Product Selector

Fusion 5.9
    Fusion 5.9

    Indexing Hierarchical Taxonomies

    For efficient hierarchical faceting in Solr you should index the nodes in your hierarchy as a multi-valued field using a depth (or level) prefix. This follows Solr best practice for hierarchical faceting, as described here:

    As an example, suppose you have three documents with these values for the location field:

    Doc#1: Europe > Germany > Berlin
    Doc#2: Europe > France > Paris
    Doc#3: North America > United States > California > San Francisco

    These three documents fall into this taxonomy:

    Europe (Doc#1, Doc#2)
    |
    |
    + France (Doc#1)
    |   |
    |   +- Paris (Doc#1)
    |
    +- Germany (Doc#2)
        |
        +- Berlin (Doc#2)
    
    North America (Doc#3)
    |
    +- United States (Doc#3)
          |
          + California (Doc#3)
              |
              +- San Francisco (Doc#3)

    To represent this taxonomy structure in your index, you would add these values for the (multivalued) location field:

    Doc#1:
        location:
            0/Europe
            1/Europe/Germany
            2/Europe/Germany/Berlin
    
    Doc#2:
        location:
            0/Europe
            1/Europe/France
            2/Europe/France/Paris
    
    Doc#3:
        location:
            0/North America
            1/North America/United States
            2/North America/United States/California
            3/North America/United States/California/San Francisco

    The way to read this is that Doc#1 matches the Europe level-0 (or root) category and the Europe > Germany level-1 category, and so forth. Through this indexing scheme, you can get facet counts for all documents that belong to the Europe > Germany category (at level 1) by querying for "1/Europe/Germany" as a Solr facet prefix, but equally all documents that as a result belong to Europe at a broader level. Finally this allows us to also get facet counts for all documents with any location value by requesting "0/" as a facet prefix, for example.

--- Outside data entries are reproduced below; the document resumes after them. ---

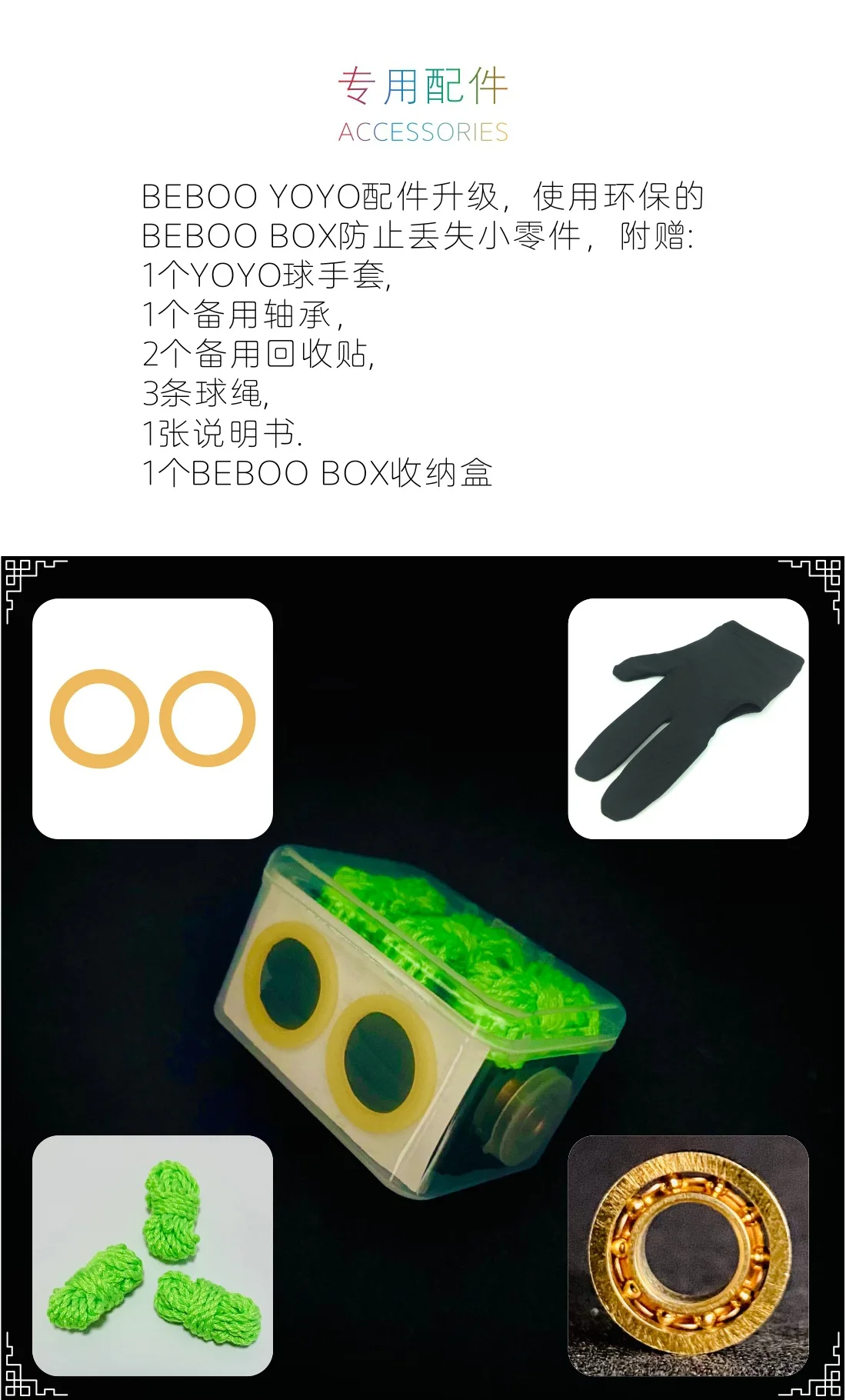 BEBOO YOYO accessories upgraded, using environmentally friendly BEBOO BOX to prevent the loss of small parts, comes with: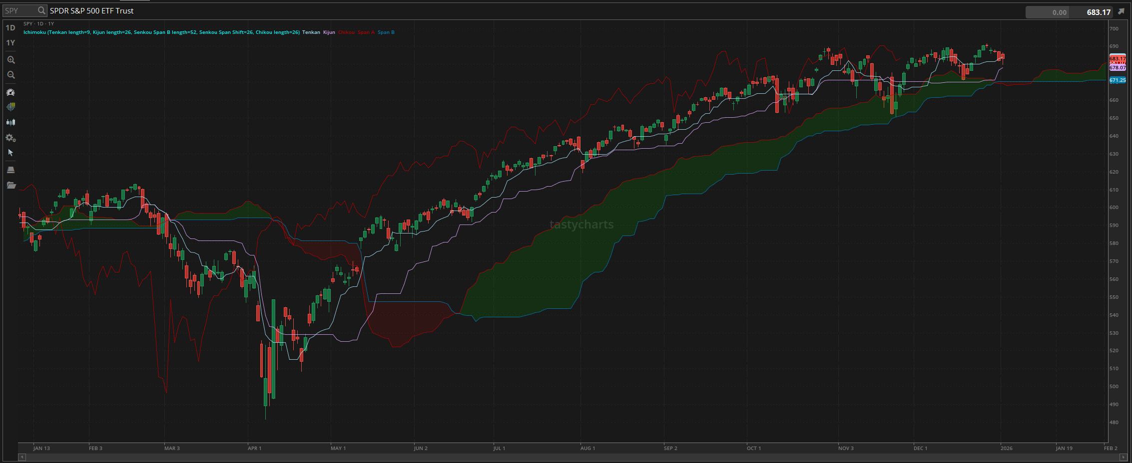Conditions continued to slightly weaken through the rest of Tuesday, selling off once again, leading into Wednesday, which was the end of the year. We officially ended 2025 with $SPY trading at $681.92, up $97.28 for the year, or up roughly 16.6%.
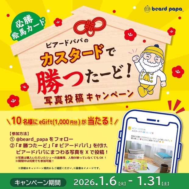 ビアードパパの公式Xアカウントをフォローした後、「#勝つたーど」「#ビアードパパ」の両ハッシュタグを付けてビアードパパにまつわる写真を投稿することで参加。写真付きで投稿した人の中から、抽選で計10人にビアードパパのeGiftチケット(1,000円分)をプレゼントする。

    Optimising the retrieval of child nodes

    When you display a hierarchical facet in Appkit, Appkit initially only shows the top-level nodes in the taxonomy and asynchronously fetch nodes further down the tree by using Solr facet prefix queries as each node gets expanded. This greatly reduces the size of the taxonomy that would have to be fetched initially, if you had to request the whole tree and render it on the page all at once. This means that, irrespective of how deep and wide your taxonomy is, it can be represented in the user interface in a performant manner.

    However, when using only one categorisation field, Appkit does not know whether to show a link to expand each node unless it looks ahead and does another Solr query to check whether a given node has any children. To address this, you can further augment the information Appkit indexes for each document that is tagged with hierarchical categories, so that Appkit can quickly look up both a single tree level (for example, facet.prefix = 0/) and also determine which of the nodes at a given level have children (using a single facet query).

    More specifically, for each hierarchical facet my_facet, you create an additional meta-facet named my_facet_parents that contains information about the taxonomy categories that have children (that is, those nodes that are not leaf nodes in the hierarchy). Using the example from above, you would index location in exactly the same way as before. In addition, you would index these terms for the new location_parents meta-facet:

    Doc#1:
        location:
            0/Europe
            1/Europe/Germany
            2/Europe/Germany/Berlin
    
        location_parents:
            0/Europe
            1/Europe/Germany
    
    Doc#2:
        location:
            0/Europe
            1/Europe/France
            2/Europe/France/Paris
    
        location_parents:
            0/Europe
            1/Europe/France
    
    Doc#3:
        location:
            0/North America
            1/North America/United States
            2/North America/United States/California
            3/North America/United States/California/San Francisco
    
        location_parents:
            0/North America
            1/North America/United States
            2/North America/United States/California
    The new location_parents field has all the same index terms as location except the last level is omitted. The intended meaning is that Doc#1 is indexed with the term 0/Europe in location_parents because it contains location values that are the children of Europe, and so forth.

    With this scheme in place, Appkit will automatically generate and run a single facet query to retrieve all top-level nodes and identify those nodes that have children.